WORK INSTRUCTIONS: The reply should hold only the lines below beginning at the one with "トリフトホルンの尾根をこえた" and ending at the one with "2026年度版では表紙写真に", copied exactly, with every picture left out.

MATERIAL TO PROCESS:
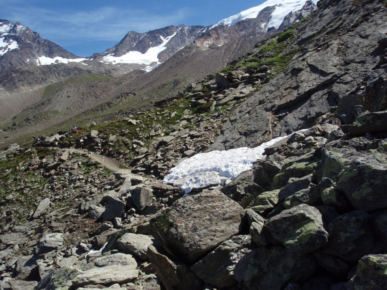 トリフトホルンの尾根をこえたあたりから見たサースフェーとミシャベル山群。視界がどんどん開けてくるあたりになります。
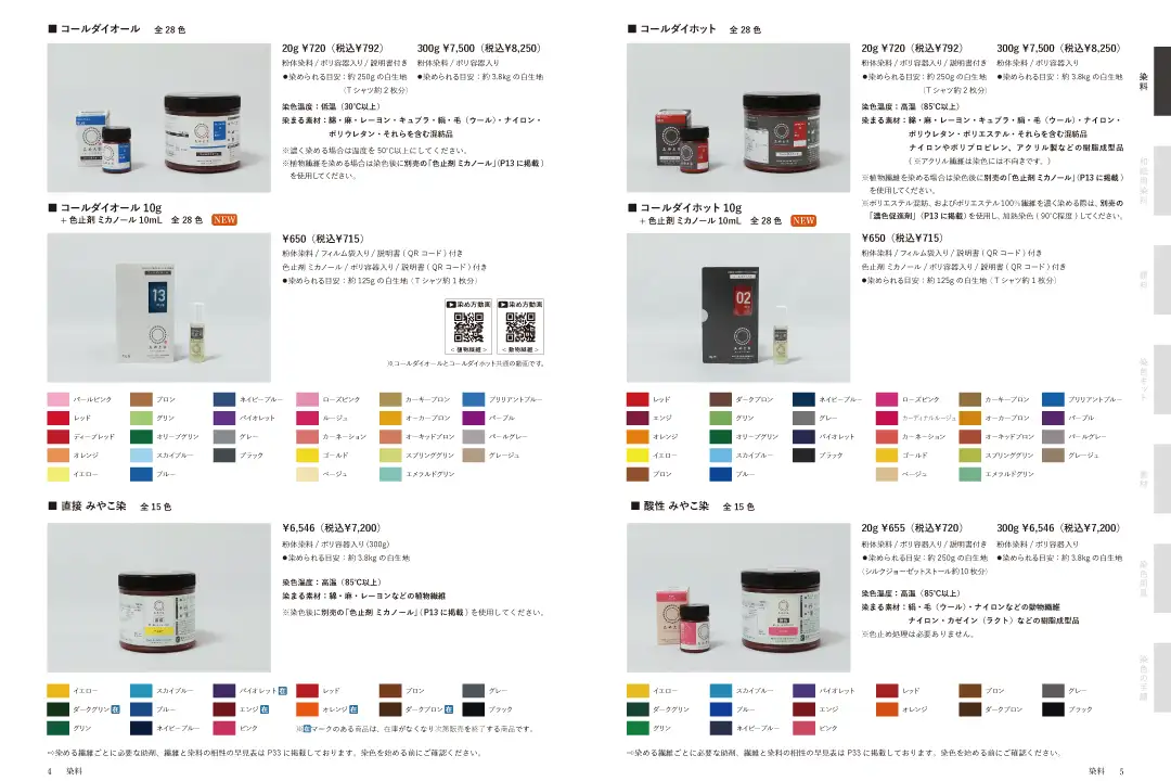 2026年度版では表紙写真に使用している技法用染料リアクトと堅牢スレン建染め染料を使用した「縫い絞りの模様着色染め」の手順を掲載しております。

==

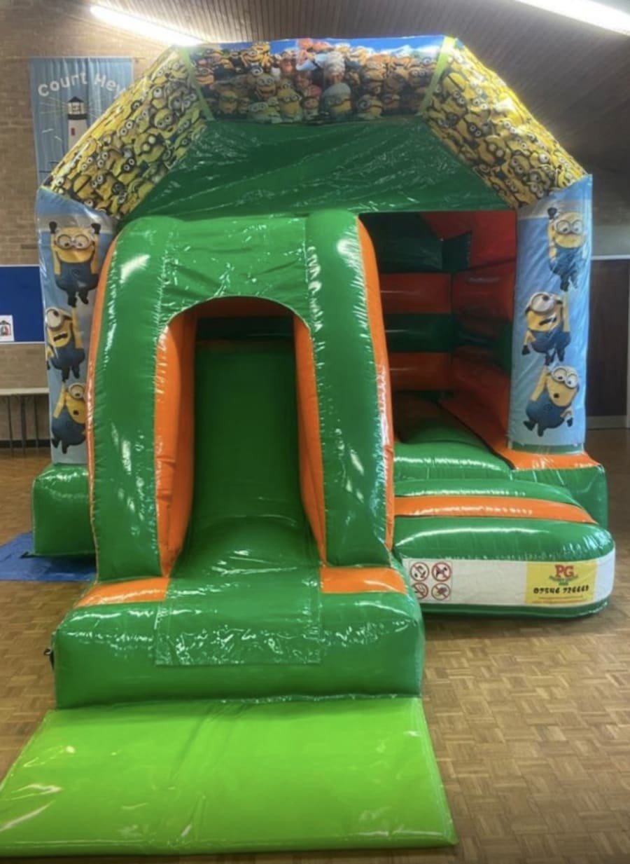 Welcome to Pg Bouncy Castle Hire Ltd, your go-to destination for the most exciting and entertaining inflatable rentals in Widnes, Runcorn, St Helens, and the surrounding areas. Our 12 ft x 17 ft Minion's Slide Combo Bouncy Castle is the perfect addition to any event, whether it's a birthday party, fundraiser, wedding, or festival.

COMPLETED TASK:
 トリフトホルンの尾根をこえたあたりから見たサースフェーとミシャベル山群。視界がどんどん開けてくるあたりになります。
 2026年度版では表紙写真に使用している技法用染料リアクトと堅牢スレン建染め染料を使用した「縫い絞りの模様着色染め」の手順を掲載しております。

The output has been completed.